The oddest moment was when the father returned home to their small town without his wife. There is a reverse shot of a neighbour who looks up and sees him and says nothing. I live in a small town in Germany, and this is highly unlikely. At the very least, she would have greeted him. She certainly would have asked about his wife’s whereabouts. This is the moment in the film when I realised that my lack of connection to the film had nothing to do with the transfer of the film from one culture to another. Japanese film critics have for decades made the mistake of categorizing Ozu as the “most Japanese” of filmmakers because of the many traditionally Japanese elements of his films (the framing of the spaces, camera in the sitting position, etc.). However, Ozu’s true genius is the universality of the themes in his films.
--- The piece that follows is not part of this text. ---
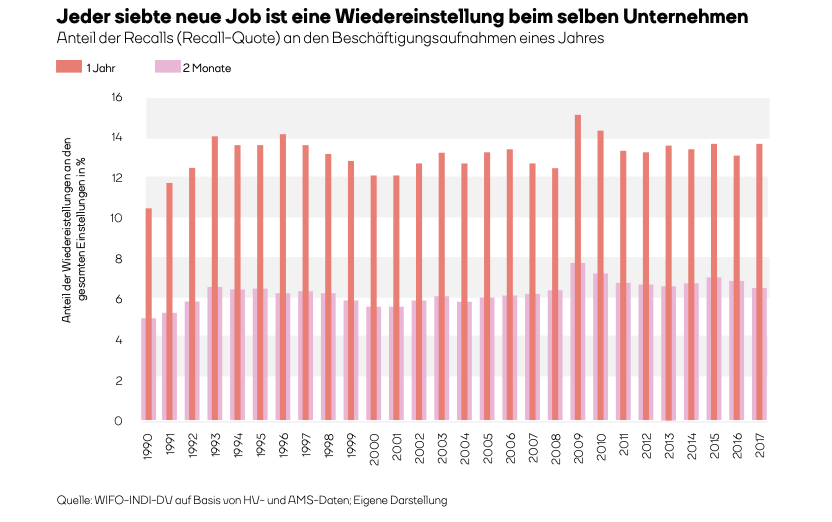Eine teure Praxis manch österreichischer Betriebe ist die „Kündigung auf Zeit“. Sie kündigen bei etwas niedriger Auslastung sofort Mitarbeiter:innen, nur um sie Tage, Wochen oder Monate später wieder zurück zu rufen. So arbeitende Unternehmen hängen der Allgemeinheit ihre Personalkosten um. Sie nutzen gezielt die Existenz einer staatlichen Absicherung während der Arbeitslosigkeit aus. Ohne das Arbeitslosengeld müssten sie ihren Beschäftigten einen höheren Lohn zahlen, damit diese das ganze Jahr über davon leben können. Eines von vier einstellenden Unternehmen setzt auf Kündigungen auf Zeit. Zusammen verursachen sie ein Achtel der gesamten Arbeitslosigkeit. Jeder siebte neue Job ist eine Wiedereinstellung beim selben Unternehmen.

They are about families and small communities and the complexity of relationships within these small communities.

Tokyo Story also has a female neighbour, but she talks to the couple. She’s even a bit on the nosy side. Her part is not very big, but it is very realistic and an essential part of the believability of the story. I recognized this woman. I met her likeness when living in Nishikata, Tokyo. She was the woman working at the sakana-ya (fishmonger) who would question me about the whereabouts of my children if I walked by on my own. That women knew everything about everyone in Nishikata. I see her likeness here at the bakery in Germany when they ask me about where my children are if I stop in for a sandwich on my own. She too knows everything and everyone in our small town. Ozu had an uncanny ability to create character types whom we recognise in our own day-to-day lives, and within ourselves.
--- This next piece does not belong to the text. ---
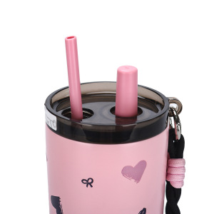 新しいクリエイティブな漫画プリントの魔法瓶カップ、セラミックライナー、ティードレン付きコーヒーカップ、女の子向けの見栄えの良いストローカップ

So, although many fans of Kirschblüten praise the film for the profundity of its story, I feel that it is only the outer layer of the proverbial onion. This is always a danger when a filmmaker goes into a culture that isn’t their own and makes it seem deeper and more exotic than one’s own culture. For me this was summed up by the scene in which Rudi goes shopping for cabbage so that he can try to connect with his youngest son by recreating the dish his mother cooked for him when he was growing up. Yes, Japanese grocery stores can be confusing if you cannot read the labels, but who needs help finding cabbage in a Japanese grocery store? It’s not a labyrinth. The layout is very similar to grocery stores anywhere else in the word. Although there are varieties of produce that are unique to Japan, one doesn’t need to read Japanese to recognize a cabbage.

In the same way, I have yet to see a film by a Western director set in Japan that really represents the Japan that I got to know and love. It is always disappointing when Japan (or any other country) gets used as a backdrop for a Westerner who is unable to find themselves at home. Films like Kirschblüten and Sofia Coppola’s Lost in Translation always disappoint because their Japan is beautiful and exotic but populated by one-dimensional Japanese who are not believable. Dörrie has chosen the motif of the cherry blossoms, not only for its beauty and its importance to Japanese culture, but because it is a symbol of the transiency of life. Yet, the coming of cherry blossoms in Japan is also about a coming together of people and I wish that people going to Japan would look beyond the superficial and see the depth, warmth, and diversity of the people living there. At the same time, I think that in her eagerness to portray the disconnect between the children and their parents, Dörrie did a disservice to German small towns by making Rudi and Trudi's town a one-dimensional community.